Nezar Patria: Transformasi Digital UMKM Harus Dorong Produktivitas dan Daya Saing

  • 27 Agt 2026 19:26 WIB
  •  Samarinda

RRI.CO.ID, Jakarta - Transformasi digital bagi usaha mikro, kecil, dan menengah (UMKM) dinilai tidak lagi cukup hanya pada tahap adopsi teknologi atau sekadar hadir di platform digital. Wakil Menteri Komunikasi dan Digital (Wamenkomdigi), Nezar Patria, menegaskan pengembangan UMKM kini harus diarahkan pada peningkatan produktivitas dan daya saing agar mampu berkembang lebih cepat serta menembus pasar yang lebih luas.

Hal tersebut disampaikan Nezar Patria saat menghadiri Gala Dinner dan Serah Terima Amanah (Sertinah) Pengurus Komunitas Tangan Di Atas (TDA) di Jakarta Selatan, Sabtu 22 Agustus 2026, dikutip dari laman Komdigi.go.id.

Menurut Nezar, tingkat penetrasi internet nasional yang telah mencapai 80,6 persen menjadi modal penting untuk mendorong pertumbuhan ekonomi digital. Namun, fokus pemerintah saat ini tidak lagi hanya memperluas akses konektivitas, tetapi memastikan konektivitas tersebut memberikan dampak nyata bagi masyarakat, khususnya pelaku UMKM.

“Kalau dulu kita masih pakai bendera go digital, UMKM go digital, sekarang saya kira kita harus mengarah kepada go produktif dan go kompetitif,” ujar Nezar.

Ia menjelaskan, pemanfaatan platform digital harus mampu membantu UMKM meningkatkan efisiensi usaha, memperluas pasar, serta memperkuat kapasitas bisnis. Dengan pendekatan tersebut, pelaku usaha tidak hanya hadir secara digital, tetapi juga mampu meningkatkan kualitas produk dan layanan agar lebih kompetitif di pasar.

Nezar mencontohkan sejumlah UMKM yang berhasil naik kelas berkat pemanfaatan teknologi digital secara optimal. Bahkan, tidak sedikit pelaku usaha yang mampu memperluas jangkauan pasar hingga tingkat internasional.

“Ada banyak sekali contoh-contoh yang bisa kita lihat. Dengan adanya go produktif dan go kompetitif melalui platform digital ini, sejumlah UMKM naik kelas, sejumlah UMKM juga bisa besar. Dan ada banyak yang sudah go global juga,” katanya.

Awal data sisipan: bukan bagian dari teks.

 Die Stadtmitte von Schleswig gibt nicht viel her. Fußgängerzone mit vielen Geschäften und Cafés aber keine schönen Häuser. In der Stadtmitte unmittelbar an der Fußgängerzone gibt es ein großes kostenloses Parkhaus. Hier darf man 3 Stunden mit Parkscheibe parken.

Selain pemanfaatan teknologi, Nezar menilai peningkatan produktivitas dan daya saing UMKM juga harus didukung kolaborasi yang kuat antarpelaku usaha. Menurutnya, pertumbuhan bisnis tidak dapat dicapai secara individual, tetapi membutuhkan ekosistem yang saling mendukung dan memperkuat.

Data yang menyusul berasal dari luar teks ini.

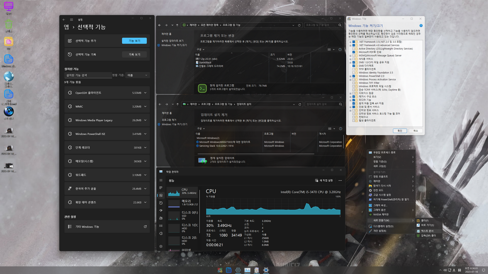 - 닷넷 3.5 / SMB1.0 / 레거시 구성 요소 기능 활성화

Dalam konteks tersebut, filosofi Komunitas Tangan Di Atas (TDA) dinilai relevan dengan kebutuhan pengembangan UMKM saat ini. Semangat berbagi pengalaman, pengetahuan, dan peluang usaha menjadi faktor penting dalam menciptakan ekosistem bisnis yang sehat dan berkelanjutan.

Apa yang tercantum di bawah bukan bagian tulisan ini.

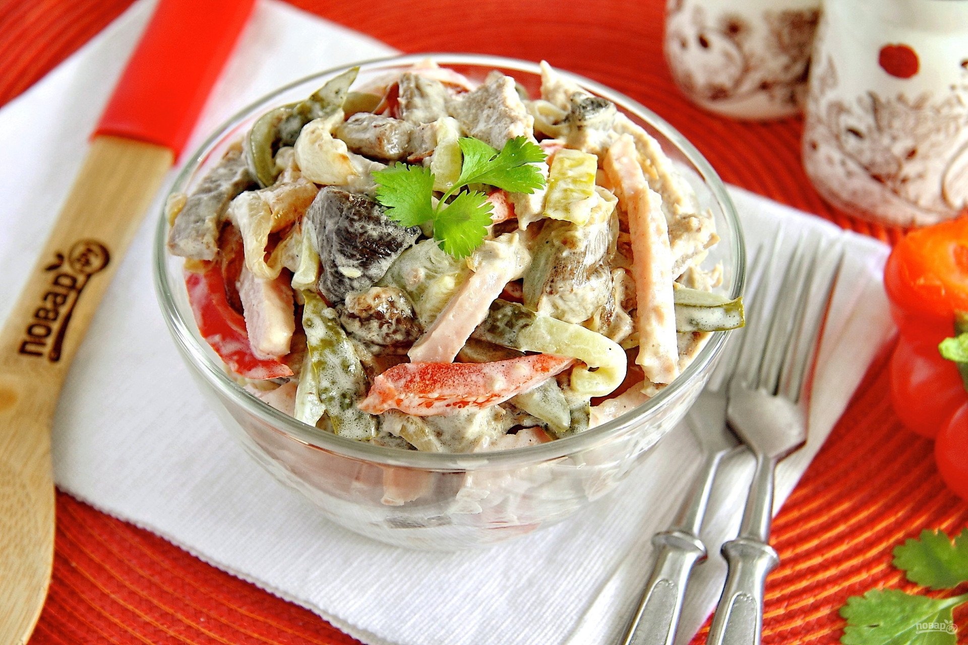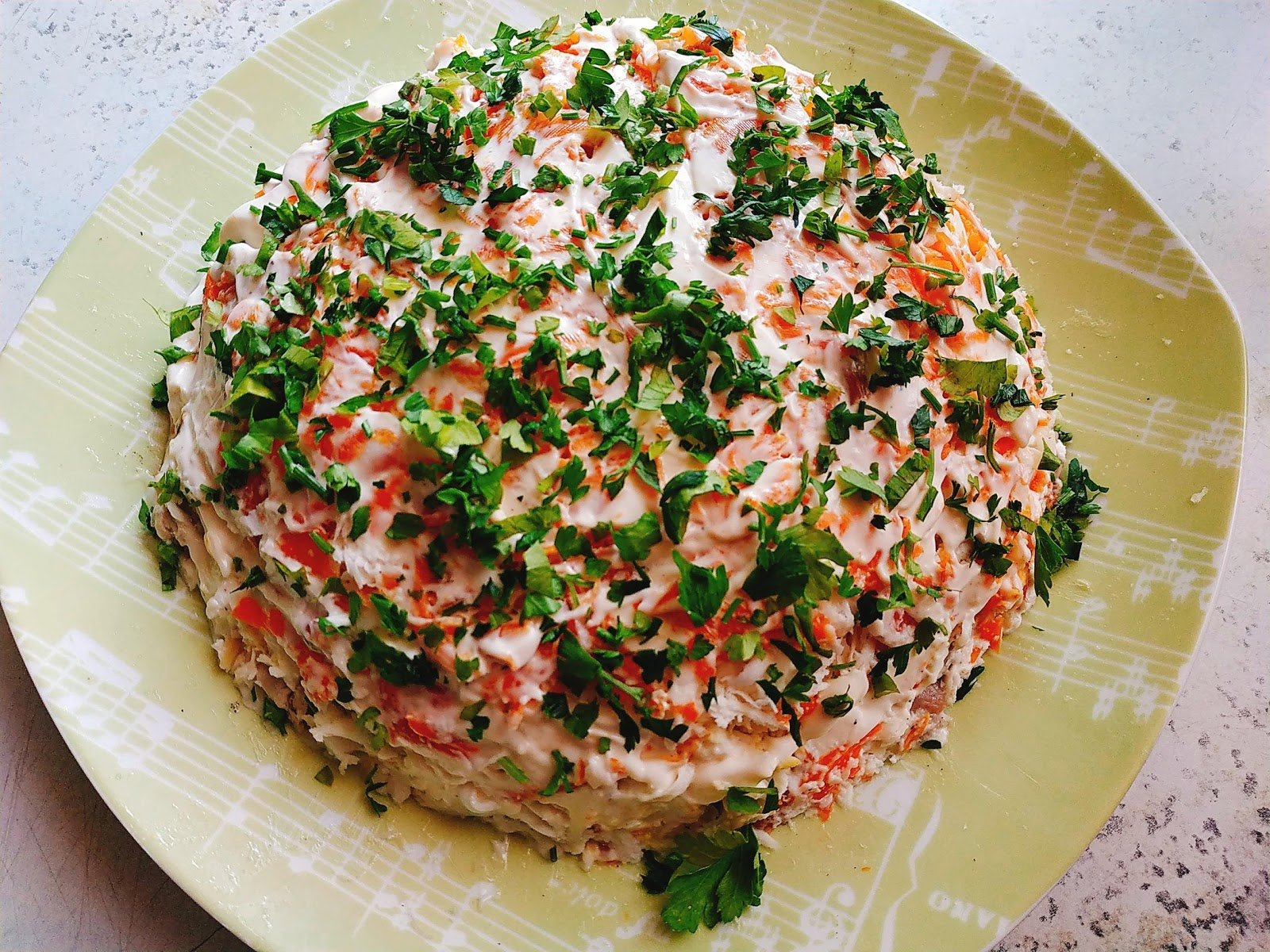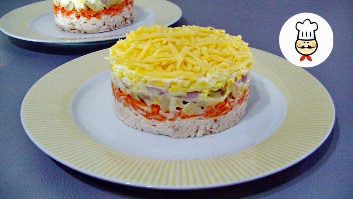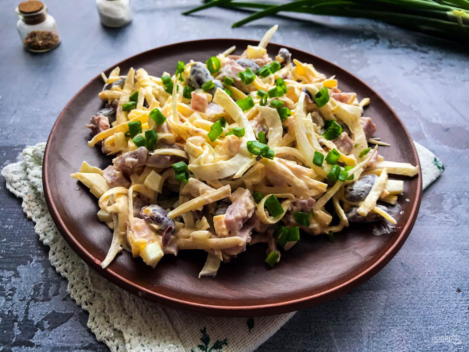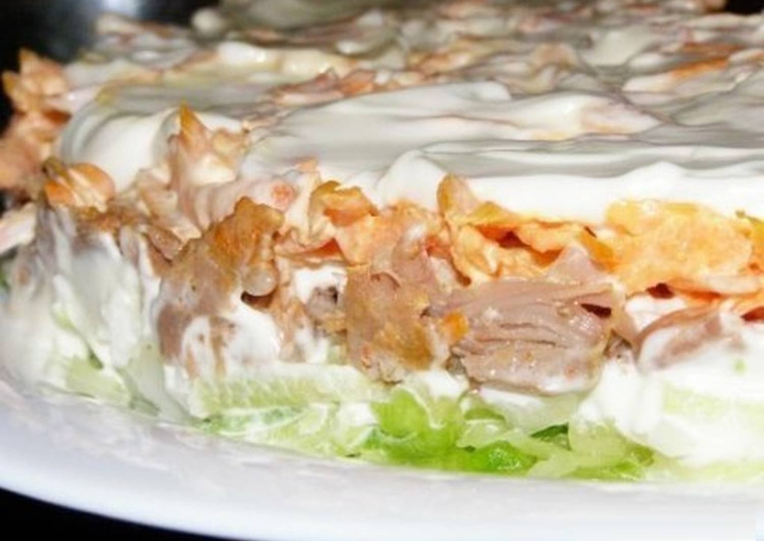 Салат мужские слёзы с курицей и грибами с корейской морковью

Karena itu, Nezar mendorong komunitas TDA untuk terus memperkuat jejaring antaranggota serta membangun ruang kolaborasi yang memungkinkan pelaku UMKM saling bertukar keterampilan dan pengalaman, sekaligus membuka peluang bisnis baru.

Dengan dukungan ekosistem yang kuat, transformasi digital diharapkan tidak hanya menghasilkan lebih banyak UMKM yang terhubung secara daring, tetapi juga melahirkan pelaku usaha yang produktif, kompetitif, dan mampu bersaing di pasar global.

Langkah tersebut menjadi bagian penting dalam memperkuat ekonomi digital Indonesia sekaligus meningkatkan kesejahteraan masyarakat melalui sektor UMKM yang lebih tangguh dan inovatif.

google-preference

Rekomendasi Berita

Berita Terbaru Lainnya

Memuat berita terbaru.....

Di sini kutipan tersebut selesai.